Task instructions: What is needed is the exact text of each line in the listing below from the one with "Condition: Used with" up to and including the one with "It takes a good", and no pictures.

Available data:
# # # # # # #
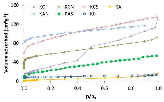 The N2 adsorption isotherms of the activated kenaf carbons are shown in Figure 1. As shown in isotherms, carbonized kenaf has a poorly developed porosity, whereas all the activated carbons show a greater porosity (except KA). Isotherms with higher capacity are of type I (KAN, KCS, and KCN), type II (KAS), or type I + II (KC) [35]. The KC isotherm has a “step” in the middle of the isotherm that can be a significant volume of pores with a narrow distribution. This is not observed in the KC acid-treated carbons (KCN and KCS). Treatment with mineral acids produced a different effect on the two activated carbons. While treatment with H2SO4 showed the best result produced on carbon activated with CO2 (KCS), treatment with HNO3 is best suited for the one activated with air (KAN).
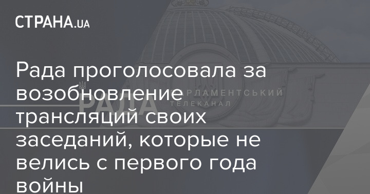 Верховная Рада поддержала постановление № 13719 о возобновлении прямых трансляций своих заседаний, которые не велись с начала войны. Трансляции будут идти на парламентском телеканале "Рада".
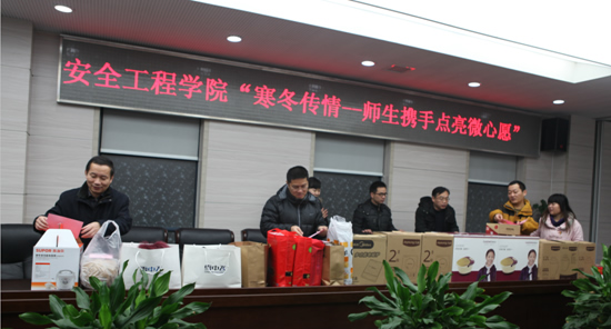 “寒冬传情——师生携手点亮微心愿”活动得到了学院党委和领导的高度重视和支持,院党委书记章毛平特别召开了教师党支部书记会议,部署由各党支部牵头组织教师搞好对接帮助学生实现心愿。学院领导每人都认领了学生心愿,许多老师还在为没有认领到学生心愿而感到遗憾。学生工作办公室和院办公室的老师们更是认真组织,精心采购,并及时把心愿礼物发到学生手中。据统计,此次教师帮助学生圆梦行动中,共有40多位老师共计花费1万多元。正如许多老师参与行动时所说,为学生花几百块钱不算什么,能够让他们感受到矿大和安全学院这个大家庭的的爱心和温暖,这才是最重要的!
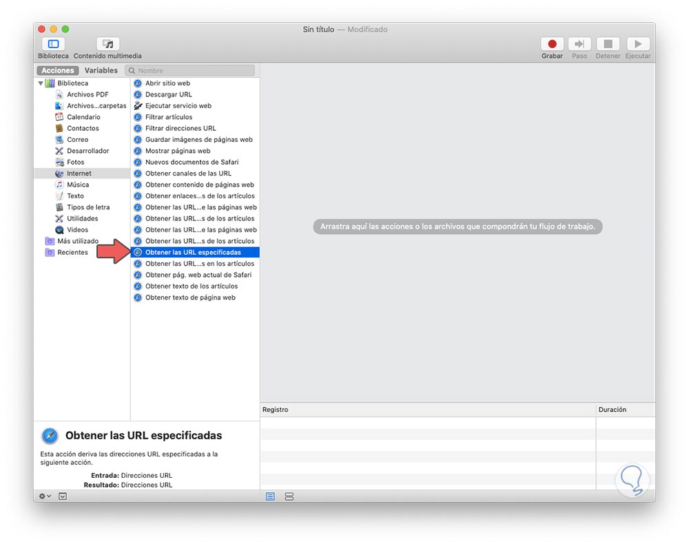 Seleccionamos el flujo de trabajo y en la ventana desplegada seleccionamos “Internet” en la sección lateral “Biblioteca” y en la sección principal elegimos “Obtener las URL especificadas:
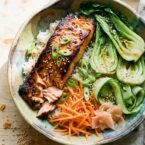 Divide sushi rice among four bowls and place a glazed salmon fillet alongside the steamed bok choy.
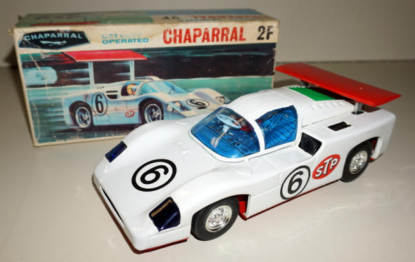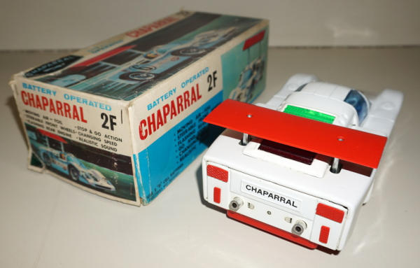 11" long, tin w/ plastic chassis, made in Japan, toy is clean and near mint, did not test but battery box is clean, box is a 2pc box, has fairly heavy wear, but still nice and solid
# # # # # # #
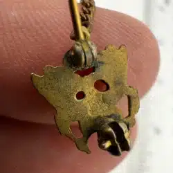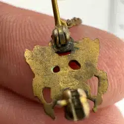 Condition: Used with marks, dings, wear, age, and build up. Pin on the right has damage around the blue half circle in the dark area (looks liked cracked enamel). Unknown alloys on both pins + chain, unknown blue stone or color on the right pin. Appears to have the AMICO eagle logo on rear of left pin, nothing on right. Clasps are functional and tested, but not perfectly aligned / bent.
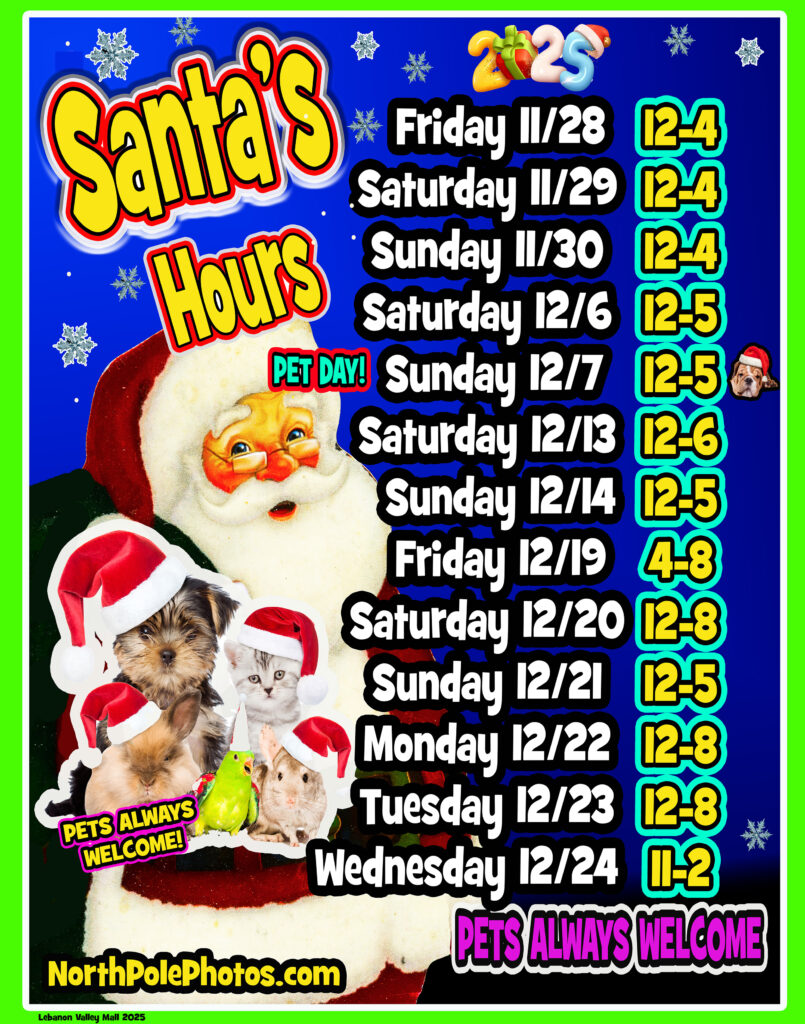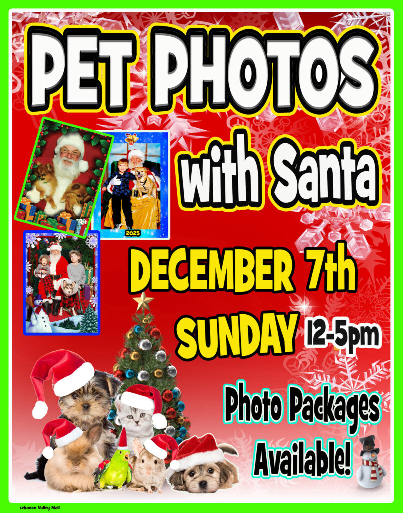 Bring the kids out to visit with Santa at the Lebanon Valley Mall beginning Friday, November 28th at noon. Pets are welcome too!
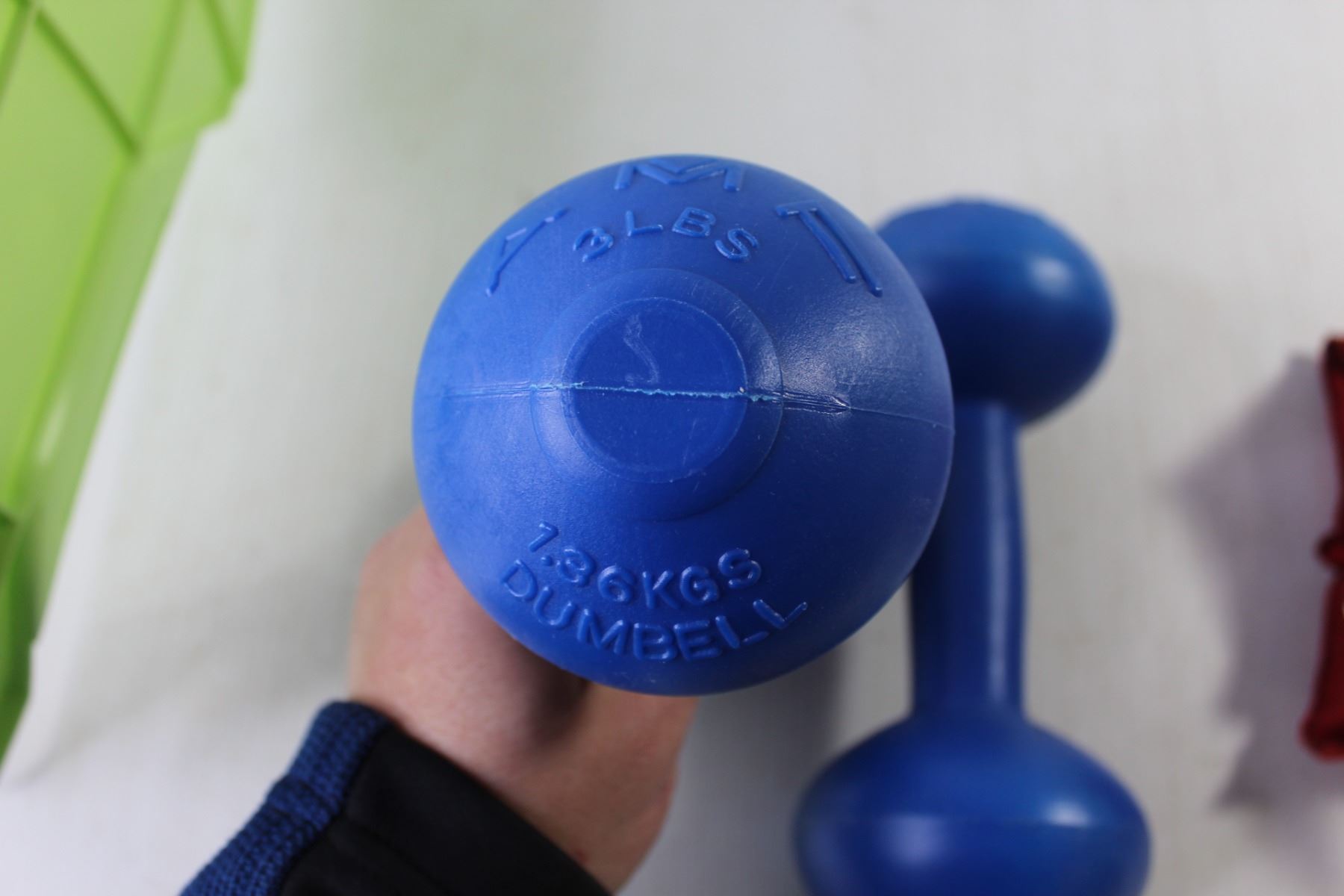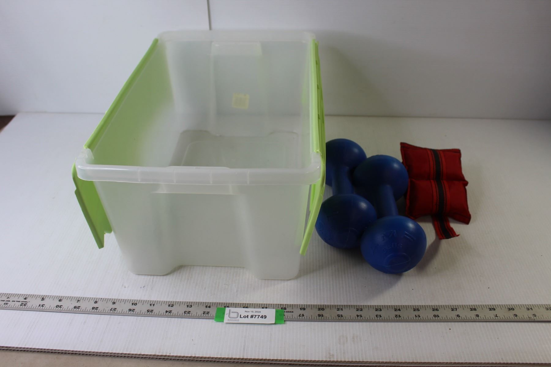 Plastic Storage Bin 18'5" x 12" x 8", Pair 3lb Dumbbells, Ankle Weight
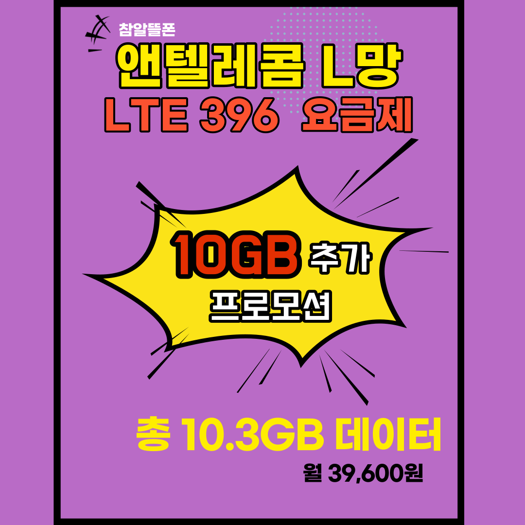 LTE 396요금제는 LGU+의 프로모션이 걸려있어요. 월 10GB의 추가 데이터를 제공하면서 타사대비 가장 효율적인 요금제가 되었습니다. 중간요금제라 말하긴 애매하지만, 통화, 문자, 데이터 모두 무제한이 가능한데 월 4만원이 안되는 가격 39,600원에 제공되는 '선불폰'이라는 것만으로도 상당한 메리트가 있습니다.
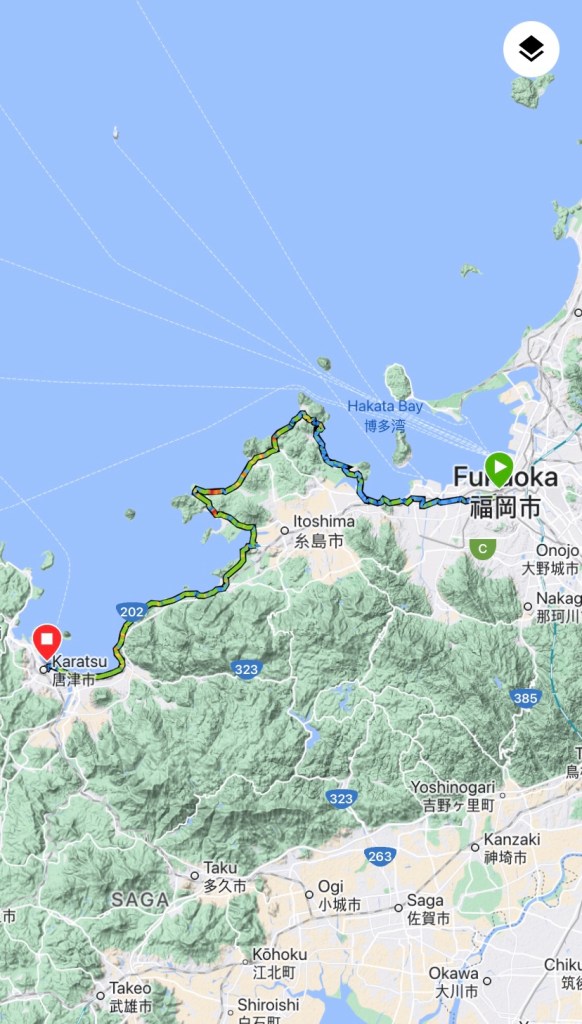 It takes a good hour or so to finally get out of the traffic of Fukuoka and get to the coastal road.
# # # # # # #
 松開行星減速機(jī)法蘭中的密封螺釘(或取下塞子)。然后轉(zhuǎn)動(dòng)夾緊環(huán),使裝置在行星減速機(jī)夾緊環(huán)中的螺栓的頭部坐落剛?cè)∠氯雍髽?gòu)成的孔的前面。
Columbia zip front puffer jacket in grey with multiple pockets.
# # # # # # #
Solution for this task:
 Condition: Used with marks, dings, wear, age, and build up. Pin on the right has damage around the blue half circle in the dark area (looks liked cracked enamel). Unknown alloys on both pins + chain, unknown blue stone or color on the right pin. Appears to have the AMICO eagle logo on rear of left pin, nothing on right. Clasps are functional and tested, but not perfectly aligned / bent.
 Bring the kids out to visit with Santa at the Lebanon Valley Mall beginning Friday, November 28th at noon. Pets are welcome too!
 Plastic Storage Bin 18'5" x 12" x 8", Pair 3lb Dumbbells, Ankle Weight
 LTE 396요금제는 LGU+의 프로모션이 걸려있어요. 월 10GB의 추가 데이터를 제공하면서 타사대비 가장 효율적인 요금제가 되었습니다. 중간요금제라 말하긴 애매하지만, 통화, 문자, 데이터 모두 무제한이 가능한데 월 4만원이 안되는 가격 39,600원에 제공되는 '선불폰'이라는 것만으로도 상당한 메리트가 있습니다.
 It takes a good hour or so to finally get out of the traffic of Fukuoka and get to the coastal road.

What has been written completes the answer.